=== Task description ===
Reproduce the full listing below exactly. Do not include the pictures.

=== Stored data ===
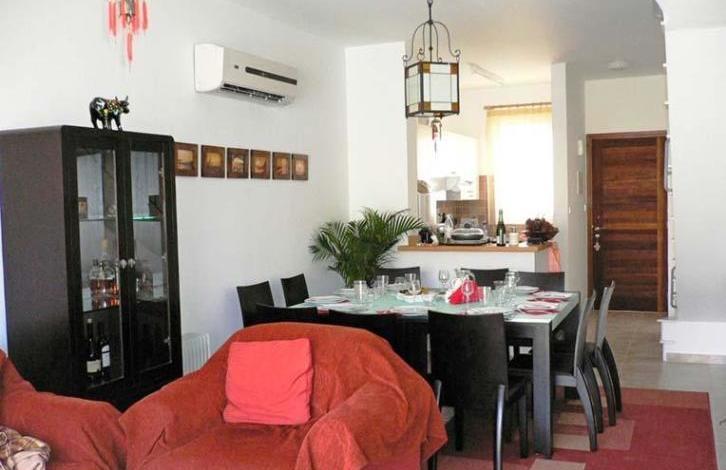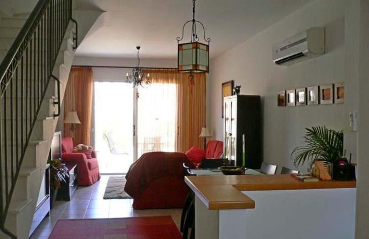 This spacious furnished two-bedroom townhouse is located in a popular complex with a large communal pool and landscaped grounds in the traditional Cypriot village of Peya. The covered veranda offers a magnificent view of the mountains, the pool and the Mediterranean Sea. On the first level there is a living room and an open plan kitchen, a guest WC. On the second level there are two bedrooms with built-in air-conditioners, wardrobes. Installed solar panels. Parking place in the complex. The title to the property is formalized.
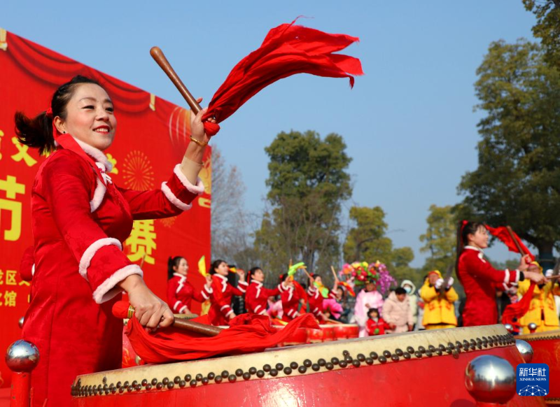 ??12月30日,在河南省南陽市中國月季園,演員在表演打鼓。
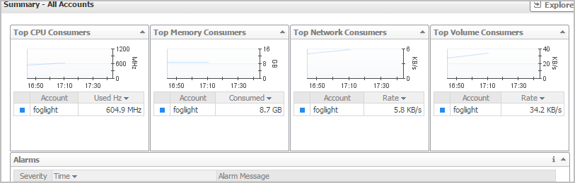 The Summary - All Accounts view displays overall resource utilization information for a group of accounts and shows the elements that consume the highest amount of system resources. This view appears on the right when you select All Accounts in the Accounts view.

=== Problem solution ===
 This spacious furnished two-bedroom townhouse is located in a popular complex with a large communal pool and landscaped grounds in the traditional Cypriot village of Peya. The covered veranda offers a magnificent view of the mountains, the pool and the Mediterranean Sea. On the first level there is a living room and an open plan kitchen, a guest WC. On the second level there are two bedrooms with built-in air-conditioners, wardrobes. Installed solar panels. Parking place in the complex. The title to the property is formalized.
 ??12月30日,在河南省南陽市中國月季園,演員在表演打鼓。
 The Summary - All Accounts view displays overall resource utilization information for a group of accounts and shows the elements that consume the highest amount of system resources. This view appears on the right when you select All Accounts in the Accounts view.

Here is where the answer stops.